Dietary information was gathered using a semi-quantitative food frequency questionnaire at every health-check appointment (baseline, 10 weeks, 6 months) [7]. Participants were asked about the frequency, on average, of their consumption of a specified portion of 130 food items. These dietary data were used to develop three distinct variants of a plant-based diet for each instance of the food frequency questionnaire health check for the cohort, namely the plant-based diet index (PDI). This group includes all plant-based foods. The healthy plant-based diet index (hPDI) includes healthy plant-based foods, while the uPDI includes less-healthy foods, such as fruit juices, refined grains, potatoes, and sugar-sweetened beverages, in addition to different sources of animal fat. According to the scoring method reported in [20], eighteen food groups were categorized based on nutrient similarities within the broader categories of healthy plant foods, less-healthy plant foods, and animal foods. The groups were divided as follows: cereals and cereal products; vegetables and mushrooms; legumes and legume products; fruit; dairy; meat and fish; potatoes, side dishes, and sauces; cakes, sweets, and snacks; ready-made meals; nuts and seeds; fats and oils; drinks; salt and sugar; and other foods/meals. The adherence to a plant-based diet was assessed using three days of questionnaires, rather than relying on calorie calculations. The PDI, hPDI, and uPDI scores were calculated according to the following equations:
PDI: Total portions of all plant-sourced foods minus total portions of all animal-sourced foods.
hPDI: Total portions of all healthy plant-sourced foods minus the sum of all unhealthy plant-sourced foods and all animal-sourced foods.
uPDI: Total portions of all unhealthy plant-sourced foods minus the sum of all healthy plant-sourced foods and all animal-sourced foods.
The plant food groups were assigned positive scores, while the animal food groups were assigned negative scores. hPDI was developed by assigning positive scores to healthy plant food groups and reverse scores to less healthy plant food groups and animal food groups. In conclusion, the uPDI assigned positive scores to plant food categories that were less healthy.

2.5. Statistical Analysis

The statistical analyses were performed using IBM SPSS® Statistics 24 for Windows (Version 25.0, Armonk, NY, USA). The evaluation of the anthropometric and laboratory parameters was carried out as an intention-to-treat analysis (ITT). Analyses were based on unimputed-data-based complete case analysis (CCA). On this basis, the values of the excluded subjects differ in both directions and are compensated on average. Discrete parameters, such as gender, are described by their frequency distribution and evaluated via the chi-square test. The Mann–Whitney U test is used to compare ordinal scaled parameters or responses between the control group and the intervention group. The comparison of the parameters between the measuring times was carried out using the Wilcoxon test (for connected samples). The exact Fisher test was used to assess the dependencies of nominal and binary variables. All the tests mentioned are nonparametric tests that provide reliable results, even in smaller, non-normally distributed samples.
For the analysis of changes from baseline to ten weeks, between-group differences were assessed using a one-way analysis of covariance (ANCOVA).
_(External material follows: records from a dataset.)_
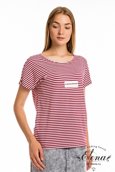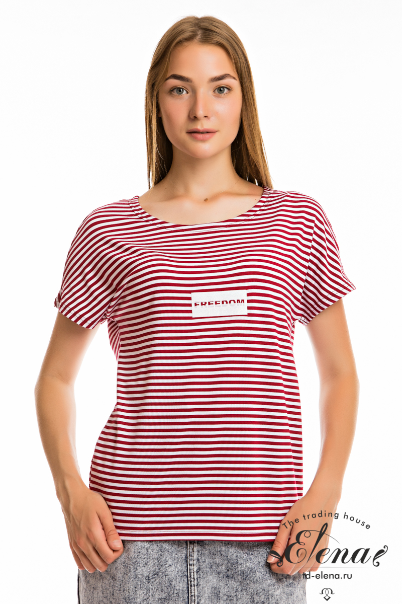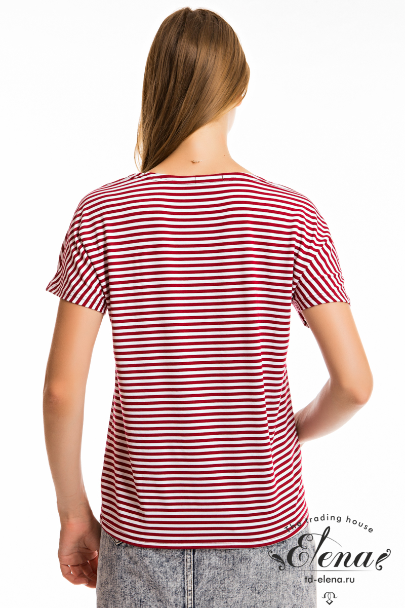 Футболка в полоску выполнена из вискозы. Свободный крой, со спущенным рукавом. Спереди нанесена термопечать.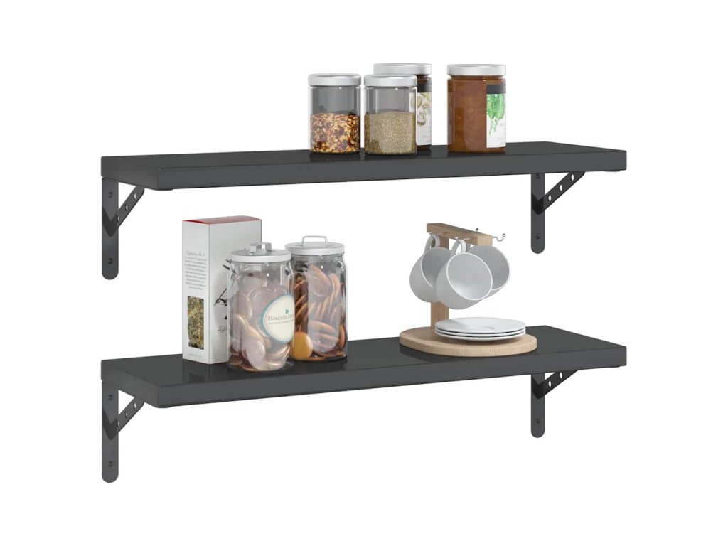 Nástěnné police 2 ks 75 x 23,5 x 3 cm černé nerezová ocel 30292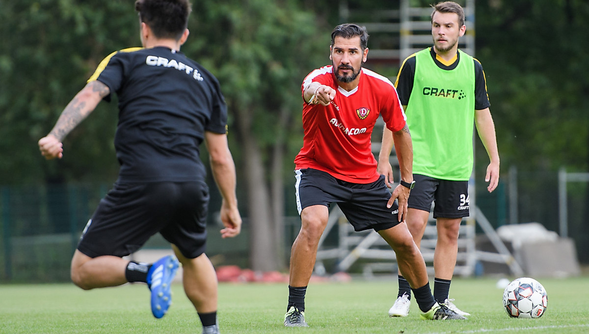Dynamos Interimstrainer Cristian Fiel arbeitet während der Länderspielpause entschlossen und fokussiert mit seinen Schützlingen auf dem Trainingsplatz.Die Trainingskiebitze rund um das Übungsgelände im Großen Garten sahen am Mittwoch zwei intensive Einheiten. Cristian Fiel trieb seine Schützlinge immer wieder lautstark an und griff regelmäßig korrigierend in die Trainingsarbeit ein.
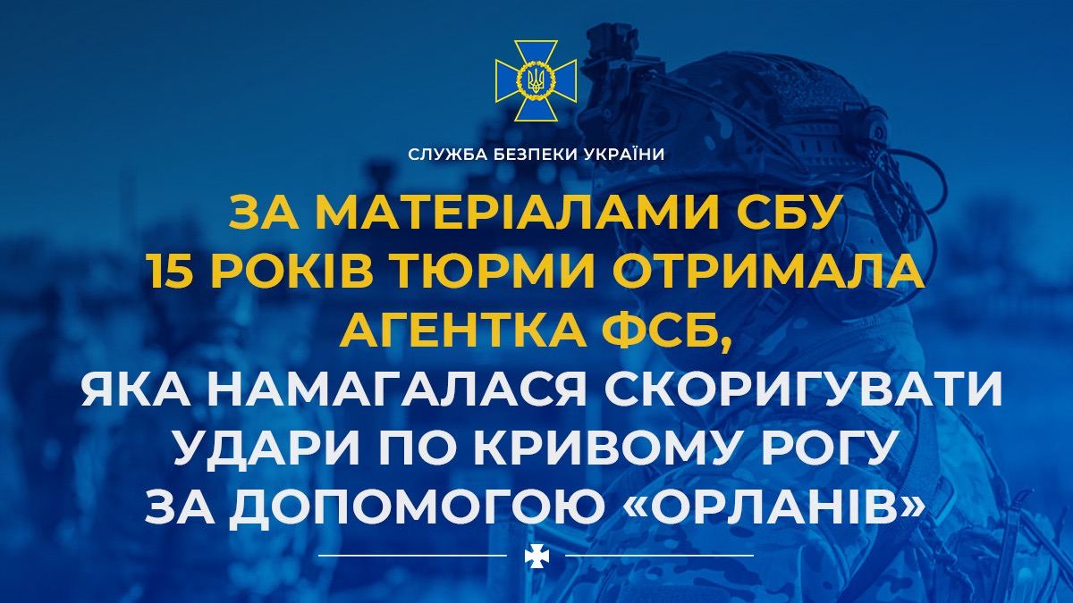 За матеріалами СБУ 15 років тюрми отримала агентка фсб, яка намагалася скоригувати удари по Кривому Рогу за допомогою «Орланів»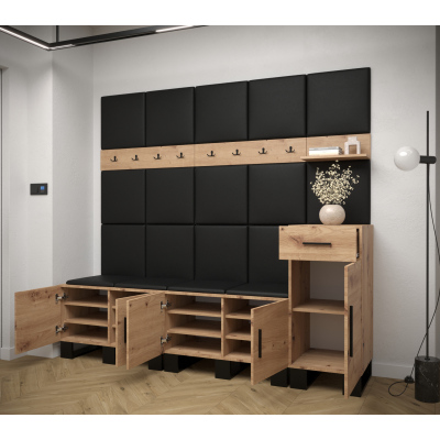 Flur-Garnitur RUMIE 8 – Eiche Artisan, schwarze Paneele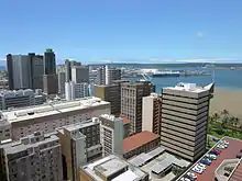По часовой стрелке слева вверху: Durban CBD, Ushaka Marine World, Казино «Солнечный берег» и развлекательный центр, Мозес Мабида (стадион), en:Inkosi Albert Luthuli International Convention Centre и Durban City Hall. | ||||||||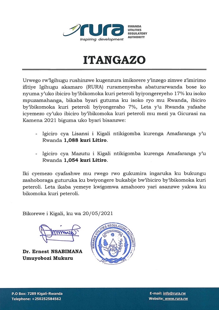 Urwego Ngenzuramikorere (RURA) rwatangaje ko n’ubwo ibiciro by’ibikomoka kuri peteroli byiyongereyeho 17% ku isoko mpuzamahanga, Leta y’u Rwanda yafashe icyemezo cy’uko ibiciro muri Gicurasi na Kamena 2021 biguma uko byari bisanzwe, nk’uko biri muri iri tangazo.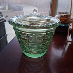 🌼Vintage Light Green Genuine Recycled Green Glass Basketweave Flower Pot🌻$10Las Vegas, NV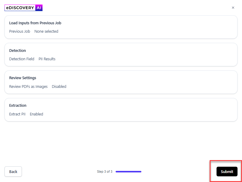 Select Next, then select Submit after reviewing the job details. The documents will be sent to eDiscovery AI and the results extracted.

For between-group comparisons of baseline to six-month trajectories, repeated ANCOVA measures were used, using potential confounders as covariates. Bivariate correlations were assessed with Spearman’s rho correlations (two-sided). A sample size calculation was performed based on changes in body weight, as described previously [21]. Fisher’s exact test was used for between-group comparisons of categorical variables. An independent t-test was used for normally distributed continuous variables and a Mann–Whitney U test for non-normally distributed continuous variables. The Shapiro–Wilk test was used to assess data for non-normality (p < 0.05 was defined as describing a non-normal distribution).

3. Results

3.1. Baseline Characteristics

Notably, this study is a component of a comprehensive 16-month study of HLCP-3 [8]. This part of the intervention examined the effect of the intervention on TMAO plasma concentrations. To analyze the changes in TMAO over six months, a total of 178 individuals were initially included, with 115 participants in the intervention group and 63 in the control group). By the end of the six-month period, data from 99 participants in the intervention group and 48 participants in the control group were available for analysis (Figure 2). The intervention group had a higher age, while the baseline TMAO level was not significantly different between the two groups (Table 1). No significant differences were found between groups concerning other baseline characteristics (Table 1). We found no significant difference in terms of risk profile parameters based on baseline values of high total cholesterol (TC), LDL cholesterol (LDL-C), triglycerides (TAG), HbA1c, or low HDL cholesterol (HDL-C). These participants were included in the analyses (body weight; CCA). The participants’ sociodemographic characteristics, their smoker statuses, and the prevalence of overweight and obesity are shown in Table 1. The mean plasma TMAO levels of the baseline for the intervention group and the control group were 9.68 ± 1.25 μmol/L and 8.4 ± 0.62 μmol/L, respectively.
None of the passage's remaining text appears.